Royal Competitors – The Great Panathenaia of Athens

Hello again! So far we have looked at festivals founded or sponsored by rulers, but that was not the limit of Hellenistic royal involvement with the agonistic world. Kings, queens and other members of the dynasties frequently entered themselves as competitors in major sporting festivals, continuing a practice of the Makedonian monarchy that dates back to at least the reign of Alexander I (c.498-454 BC).

By the 4th century royalty seem to have restricted themselves to the entering of race-horses and chariot teams. Usually in ancient Greek equestrian events the competitors did not ride or drive their horses in person, with this task being left to slaves. Kings were thus spared the indignity of defeat at the hands of career athletes in the prime of their youth, and could use their great wealth to rear and purchase the very best horses. (Also notable is that this approach allowed royal women to compete in an almost entirely male-dominated setting.) The exemplar of this strategy was Philip II, who garnered much prestige and goodwill among the Greek cities with his three victories at the Olympics.

The importance of these victories to Philip’s self-representation is demonstrated by these tetradrachms, depicting his victorious horse from the 356 BC Olympics.

Royal competitors are not always easy to discern in the historical record, but a number of (more or less fragmentary) victor lists from the 2nd century BC give insight into participation in one major festival – the Athenian Panathenaia. This was the largest agonistic festival held at Athens and, while the contests were not part of the periodos of traditional “Panhellenic” games, Athens’ cultural cachet made put them on a similar level to the Olympics and the Pythia. The penteteric* Great Panathenaia thus attracted competitors from the length and breadth of the Greek world, with athletes from as far afield as Italy and Mesopotamia. Several of these competitors were royal, as laid out here:

Royal Panathenaic Victors

182 BC: Ptolemy V – Victor in a four-horse chariot race (Citizens’)

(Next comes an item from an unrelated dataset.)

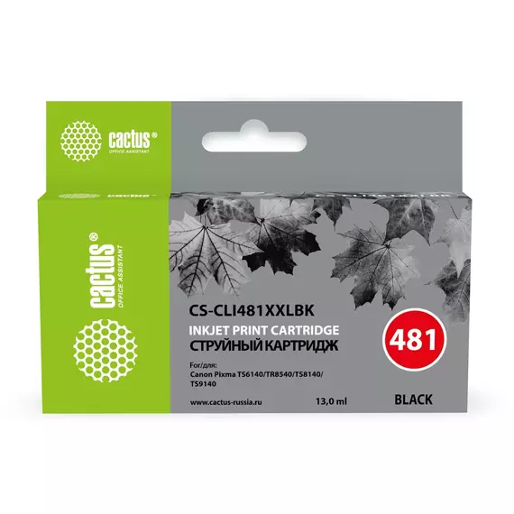 Картридж струйный Cactus CS-CLI481XXLBK черный 13мл для Canon Pixma TR7540/TR8540/TS6140/TS8140 с чипом

“the son of Ptolemy, the Makedonian” – Ptolemy V again? – Victor in an unknown Panhellenic event

178 BC: Eumenes II – Victor in a four-horse chariot race (Panhellenic)

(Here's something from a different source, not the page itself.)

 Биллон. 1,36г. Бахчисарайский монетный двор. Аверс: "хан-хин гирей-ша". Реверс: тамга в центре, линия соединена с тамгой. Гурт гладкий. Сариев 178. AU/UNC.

Attalos (brother of Eumenes) – Victor in a four-horse chariot race (Panhellenic)

Philetairos (brother of Eumenes) – Victor in a horse race (Panhellenic)

Athenaios (brother of Eumenes) – Victor in a two-horse chariot race (Panhellenic)

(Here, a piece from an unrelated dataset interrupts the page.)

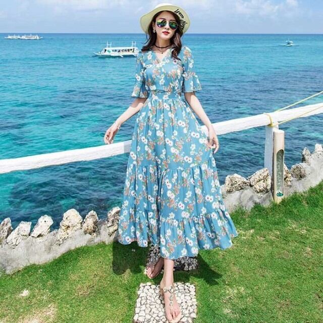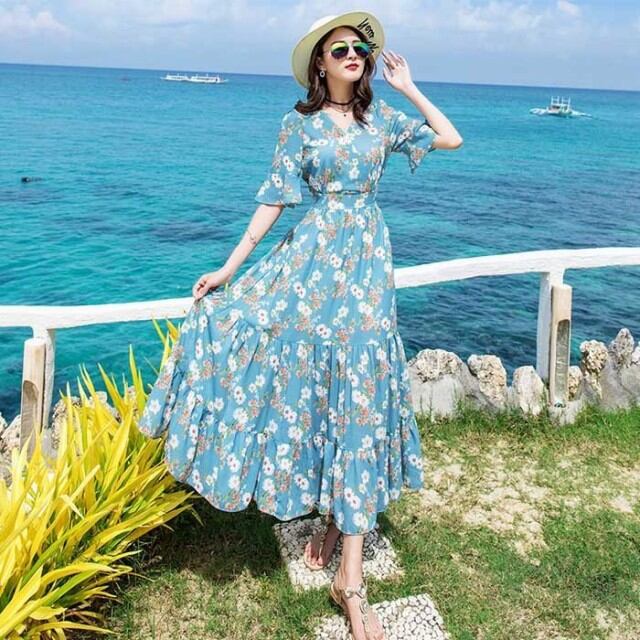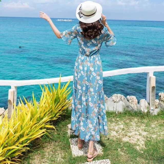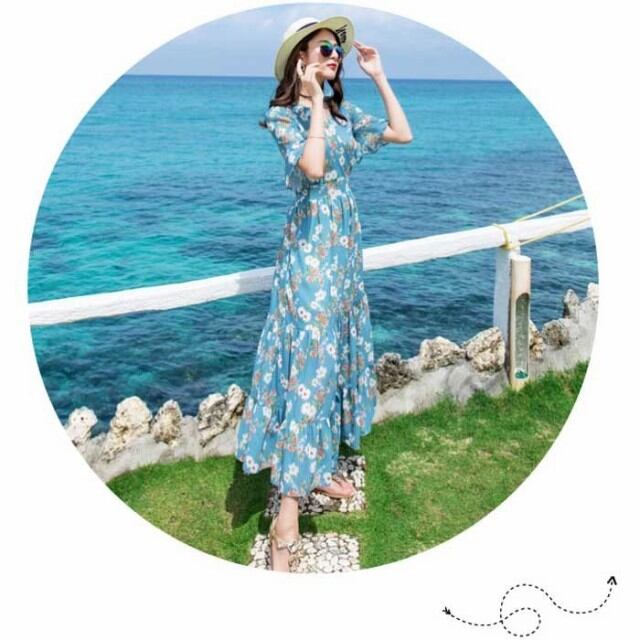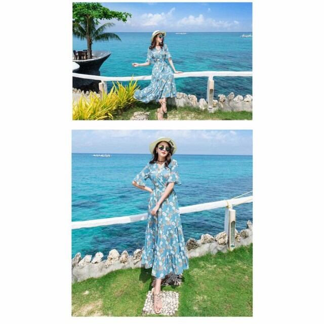 春夏レディース Vネック ー きれいめ シフォン サンドレス エスニック ハイウエスト リゾート マキシ丈 ワンピース ビーチ ロングスカート 上品 大人

170 BC: Attalos (brother of Eumenes) – Victor in a two-horse chariot race (Citizens’)

162 BC: Ptolemy VI – Victor in a two-horse chariot race (Citizens’)

Kleopatra (sister and wife of Ptolemy VI) – Victor in a horse race (Citizens’)

Eumenes II – Victor in a four-horse war-chariot race (Citizens’)

158 BC: Mastanabal, son of the Numidian king Massinissa – Victor in a horse race (Panhellenic)

Ptolemy VI – Victor in a two-horse chariot race (Panhellenic)

150 or 146 BC (date uncertain): Alexander Balas (a claimant to the Seleukid diadem) – Victor in a horse race (Panhellenic) and one unknown event

The Panathenaic stadium, where the Panhellenic events were held. Unfortunately, the spectacular modern reconstruction reflects the marble stadium of the 2nd century AD, rather than its Hellenistic form.

Immediately striking is the variety of royal competitors here – Ptolemies, Attalids, a Seleukid and even a Numidian. A reasonable conclusion to draw would be that competing in the Panathenaia was a strategy of general interest to Hellenistic monarchs, rather than one useful to a particular dynasty. This makes sense, given the number and diversity of participants at the Panathenaia – Athens made a good stage for displays of wealth and power by any ruler around the Mediterranean. We might also infer that these competitors were emulating each other. Once it had been established that winning victories at the Panathenaia brought a dynasty political benefits, other rulers were motivated to contest that victorious position. Particularly important here are the Attalids and Mastanabal, representatives of new powers in the Hellenistic world seeking to show themselves equal to the more established dynasties.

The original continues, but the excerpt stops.